T cell therapy harnesses the power of the immune system to fight cancer, driving major breakthroughs in treating liquid tumors like leukemia and lymphoma. However, T cell therapy can be prohibitively expensive, carries the risk of severe side effects, and still has trouble treating solid tumors, which represent 90% of cancers.
Now, a new technique called “Judo T cell therapy,” recently described in Nature, aims to change that (1). Inspired by the martial arts technique of turning opponents’ strengths against themselves, the treatment exploits a gene mutation found in lymphoma to improve the fitness of engineered T cells.
“Cancer has evolved in order to overcome all of these checks and balances in the body,” said study coauthor Kole Roybal, an immunologist at the University of California, San Francisco. While cancer cells are uniquely positioned to thrive in the low-oxygen, immunosuppressive solid tumor microenvironment, noncancerous engineered T cells struggle to survive, which drastically limits their efficacy.
“It took some outside-the-box thinking to take what we find in cancer cells and cancerous T cells, and to move some of that activity into cellular therapies,” said Michael Girardi, a dermatologist at Yale School of Medicine who was not associated with the study.
CARD11–PIK3R3, a gene fusion found in CD4+ cutaneous T cell lymphoma, stood out to the researchers as a leading candidate for strengthening engineered T cells. Out of Roybal’s team’s initial screens of more than 70 mutations, the gene fusion showed the most promise in altering multiple T cell signaling pathways of interest. The team found that engineered T cells expressing this mutation were 100 times more potent at killing cancer cells in a mouse model; the modified cells cleared an aggressive form of cancer, Nalm6 leukemia, that typically causes death within weeks.

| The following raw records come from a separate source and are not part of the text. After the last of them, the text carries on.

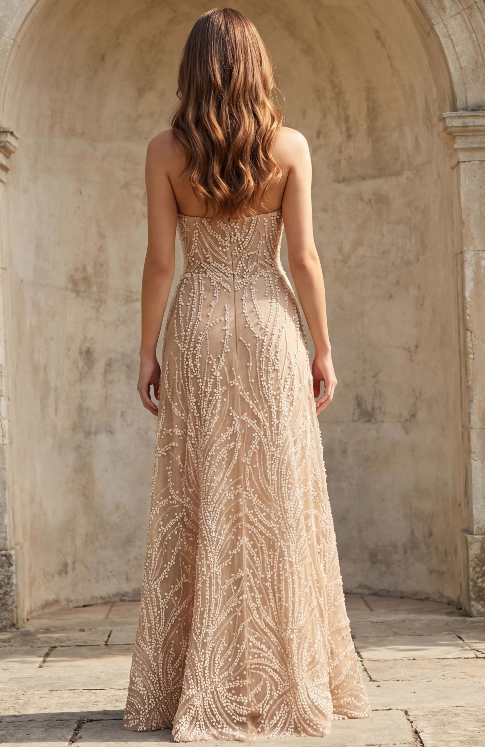 Allover swirling embroidery, softly structured bodice, flowing skirt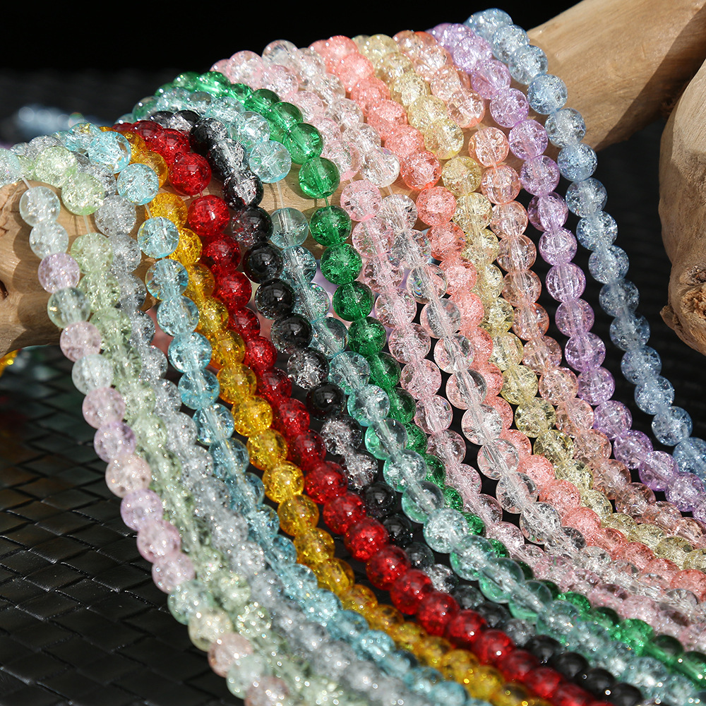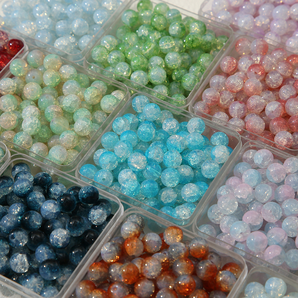 新しい手作り爆裂散珠8mm透明氷裂瑠璃珠ガラス手串部品材料ビーズ卸売り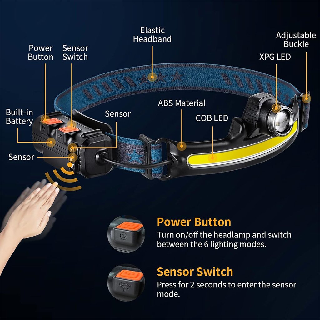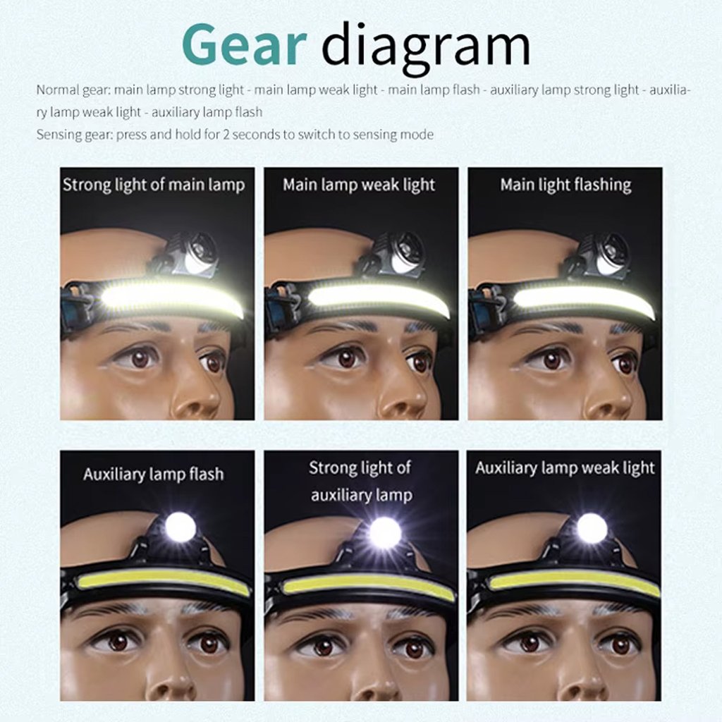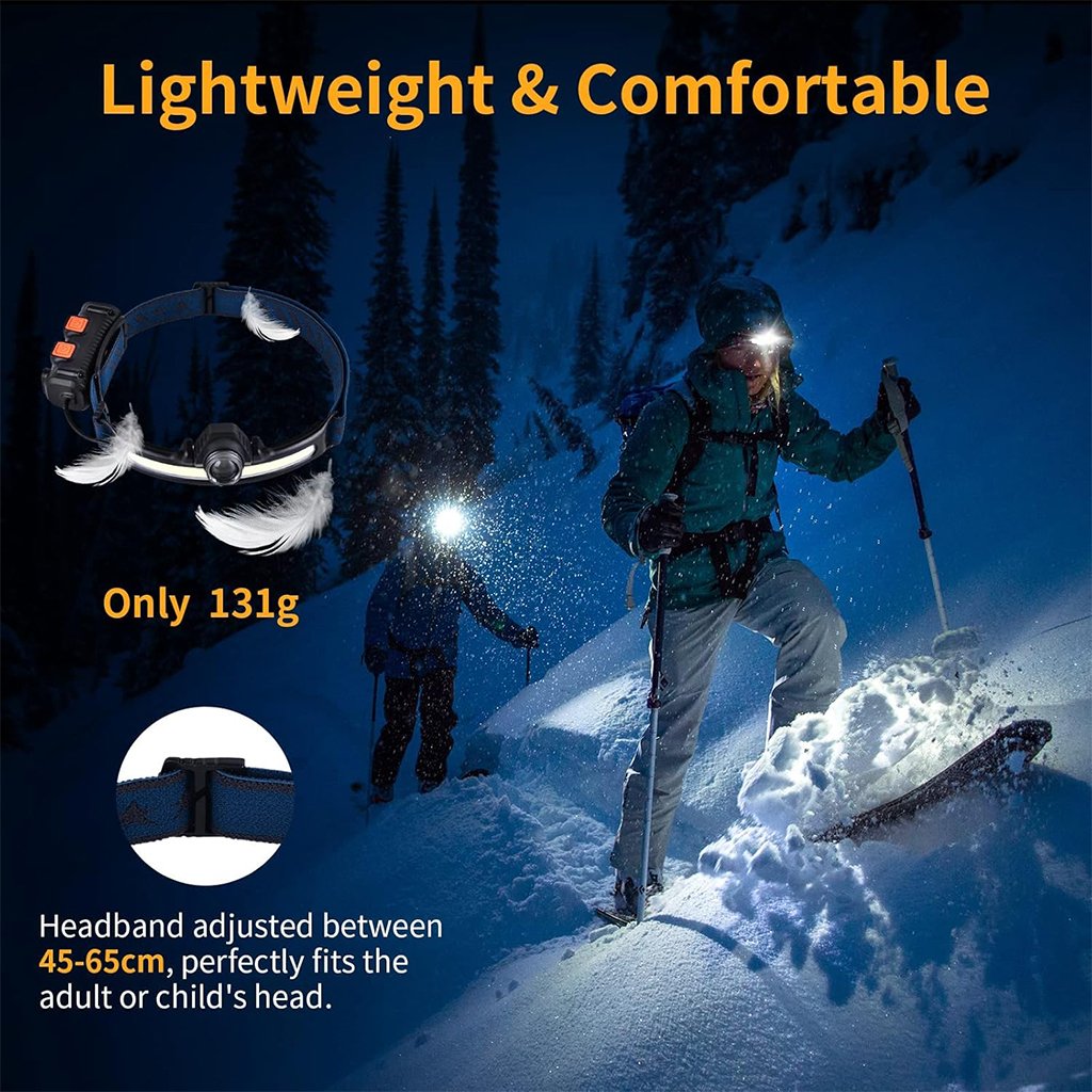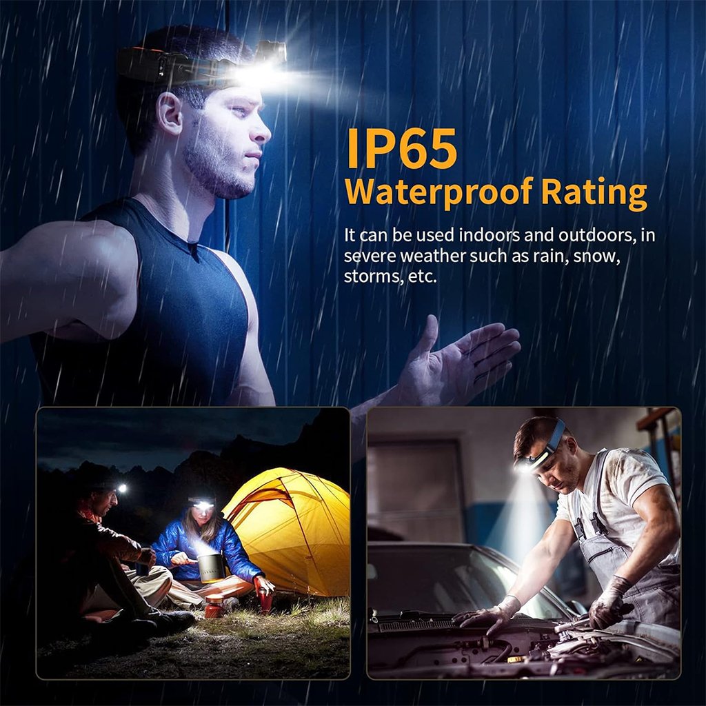 【6 modes d’éclairage】 Notre lampe frontale adopte des sources lumineuses, torche LED et bande LED, équipées de perles de lampe LED de haute qualité, la luminosité la plus élevée atteint 600LM, la source de lumière est stable et durable. Il dispose de 6 modes d’éclairage : Lumière de bande puissante / faible / clignotante et Lumière de torche puissante / faible / clignotante pour répondre à vos besoins d’éclairage dans différents environnements. 【Capteur de mouvement】Capteur infrarouge intégré de haute qualité, après avoir allumé l’interrupteur du capteur, vous pouvez changer le mode d’éclairage et allumer/éteindre la lampe en agitant la main à une certaine distance devant le capteur de mouvement. Vous n’avez pas besoin de le tenir d’une main comme une lampe de poche, vous pouvez le porter sur votre tête et utiliser les deux mains librement, ce qui est très pratique. 【Zoom réglable, grand angle de 230°】 La bande LED peut atteindre un éclairage grand angle de 230°. L’angle supérieur et inférieur de la torche LED peut être ajusté de 135° et la distance d’éclairage peut atteindre 350 m. Il peut non seulement éclairer les pieds, mais également éclairer largement l’environnement environnant, et il n’y a pas d’angle mort dans l’éclairage pour éviter tout danger potentiel. 【Rechargeable USB, indicateur de puissance restante】 Batterie au lithium haute capacité intégrée de 2600 mAh, avec câble de charge Tpye-C, charge rapide en 3-4 heures. Lorsqu’il est complètement chargé, il peut être utilisé pendant environ 5h-8h selon le mode d’éclairage. Vous pouvez facilement connaître la puissance restante grâce à l’indicateur d’affichage de la batterie, ce qui vous permet de mieux utiliser la lampe frontale. 【Léger, taille réglable】 Le bandeau de la lampe est élastique et réglable, ne pesant que 131 grammes, compact et portable, confortable à porter, durable et difficile à tomber. La taille de la circonférence de la tête peut être ajustée librement entre 45 cm et 65 cm pour s’adapter parfaitement à la tête et au casque de sécurité de l’adulte ou de l’enfant. 【Étanche IP65, largement utilisé】 La lampe frontale a un indice d’étanchéité IP65. La coque en ABS de haute qualité est plus étanche et peut être utilisée à l’intérieur et à l’extérieur. Convient pour le camping, le vélo, la course, la marche nocturne, l’alpinisme, la pêche, la chasse, la lecture, la réparation automobile, le bricolage ou toute situation d’urgence, comme un incendie, un ouragan, la neige, une tempête, une panne de courant.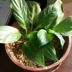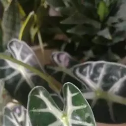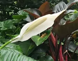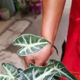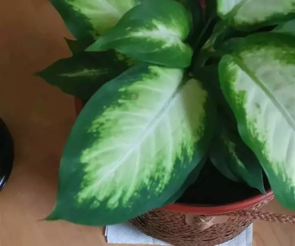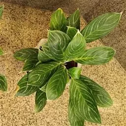 花叶万年青(学名:Dieffenbachia picta Lodd. )又名黛粉叶,为常绿灌木状草本,茎干粗壮多肉质,株高可达1.5米。叶片大而光亮,着生于茎干上部,椭圆状卵圆形或宽披针形,先端渐尖,全缘,长20-50厘米、宽5-15厘米;宽大的叶片两面深绿色,其上镶嵌着密集、不规则的白色、乳白、淡黄色等色彩不一的斑点,斑纹或斑块;叶鞘近中部下具叶柄。花梗由叶梢中抽出,短于叶柄,花单性,佛焰花序,佛焰苞呈椭圆形,下部呈筒状。其园艺品种甚多,不同的品种叶片上的花纹不同。
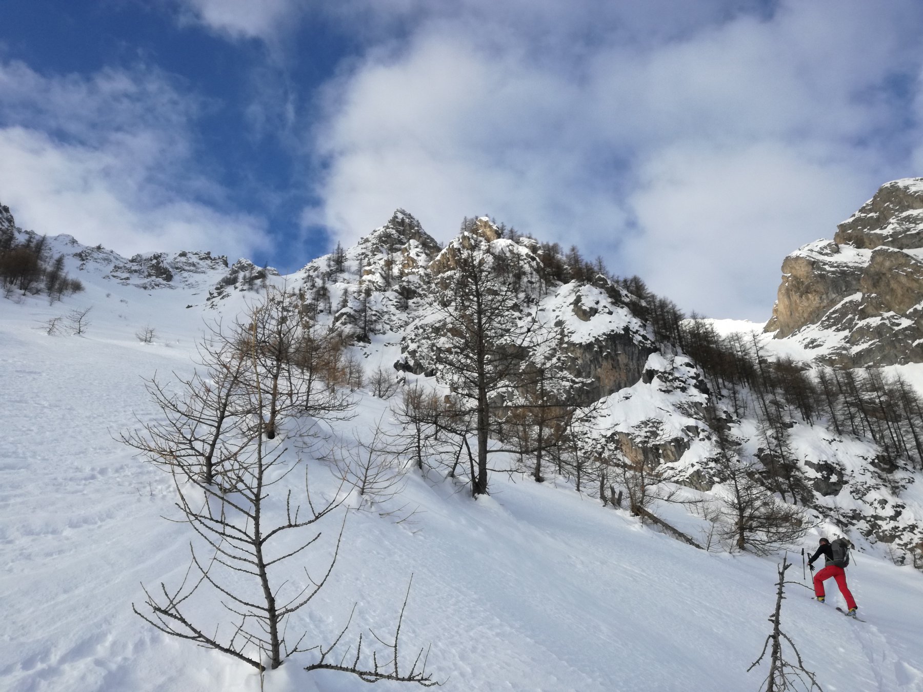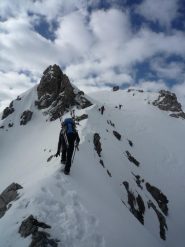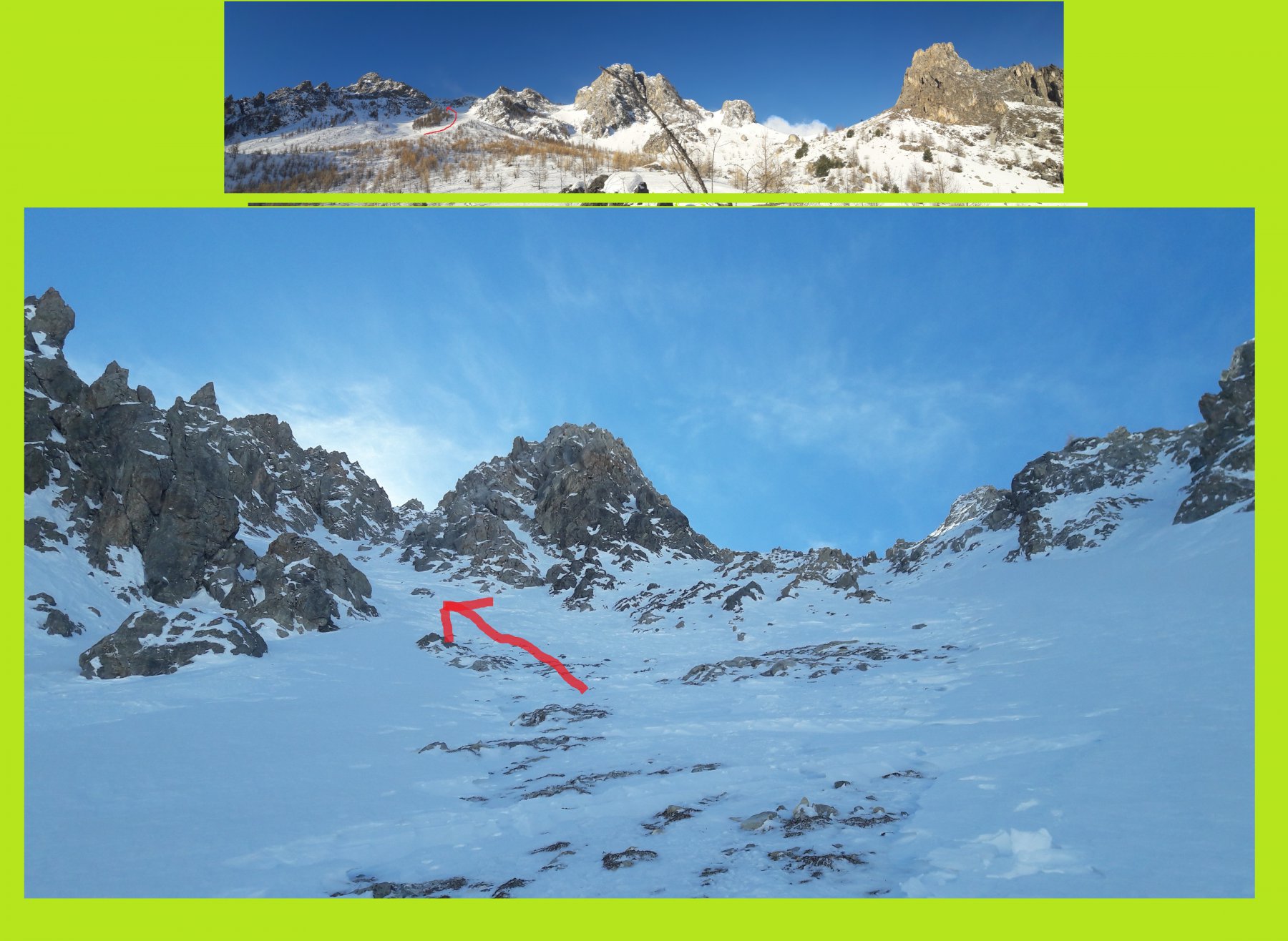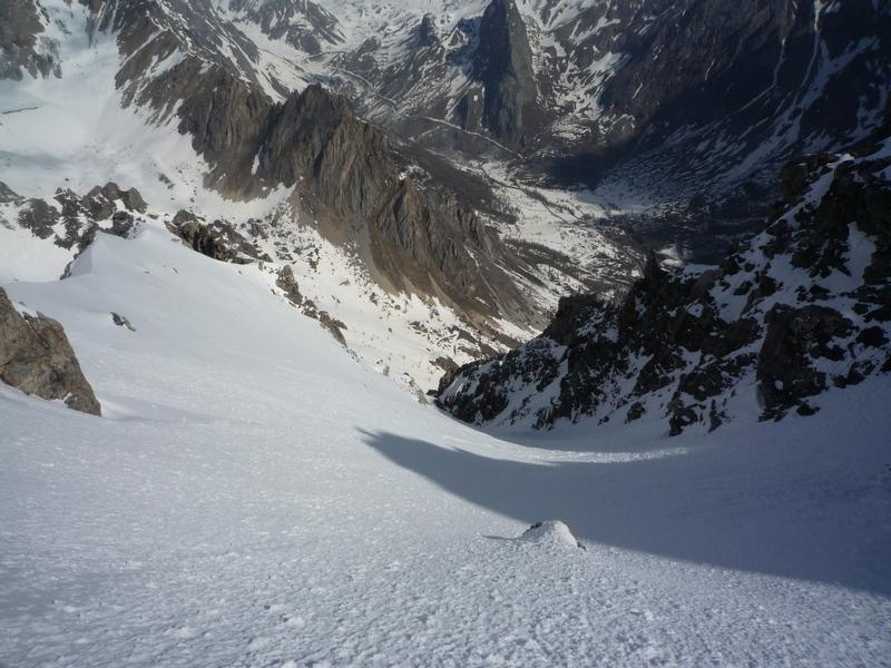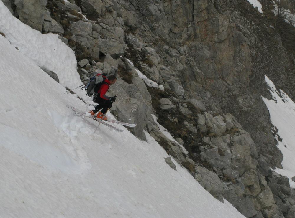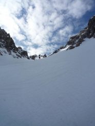 Per i primi 300 metri è un enorme canalone, poi si biforca : il canale di destra porta in cresta, gira e si ricongiunge in alto con quello di sinistra, quello di sinistra esce a pochi metri dalla punta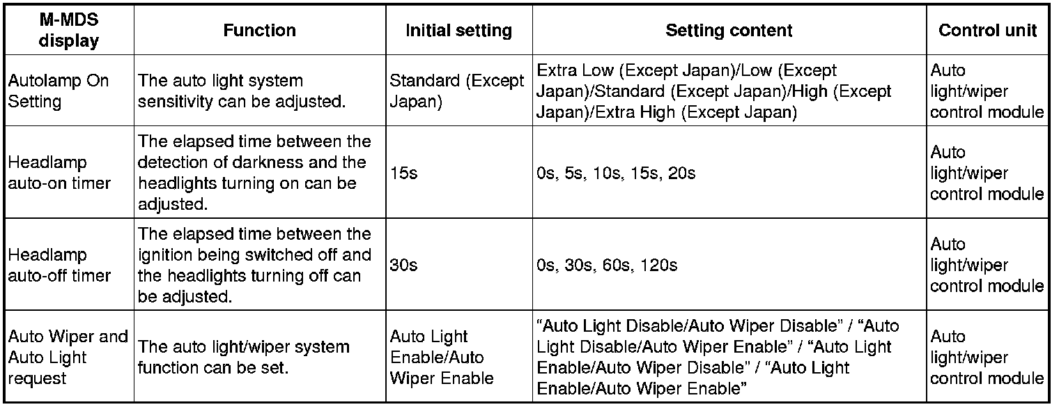 - For the room light control system / turn light system, refer to the control system personalization features setting. Control System Personalization Features Setting Procedure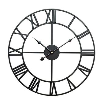 40cm Ρετρό καθιστικό σιδερένιο στρογγυλό ρωμαϊκό αριθμητικό σιωπηλό διακοσμητικό ρολόι τοίχου (μαύρο)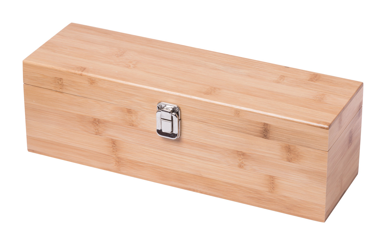 Bamboo wine set with corkscrew, drop stopper, nozzle and plug. In bamboo box with a compartment for a bottle of wine. Delivered without bottle.

Although transferring a gene found in cancer into engineered T cells may prompt concerns that those therapeutic cells will become cancerous, the researchers found no evidence of malignant transformation in mice over one year of monitoring.
“It’s really hard to take a T cell, put a mutation in, and make it turn into cancer,” said coauthor Julie Garcia, a founding scientist at Moonlight Bio.
Roybal and Garcia hope that T cell therapies employing this mutation will be more efficient at combating solid tumors and will require lower doses, leaving patients with milder side effects and lower bills. The researchers believe that this study represents the beginning of “judo” therapies; they have already identified a handful of other cancer gene mutations to target.
“The work we've done makes all of the process easier and potentially cheaper,” said Roybal. “What that means is that we could treat a greater number of patients.”
References
- Garcia, J. et al. Naturally occurring T cell mutations enhance engineered T cell therapies. Nature 626, 626–634 (2024).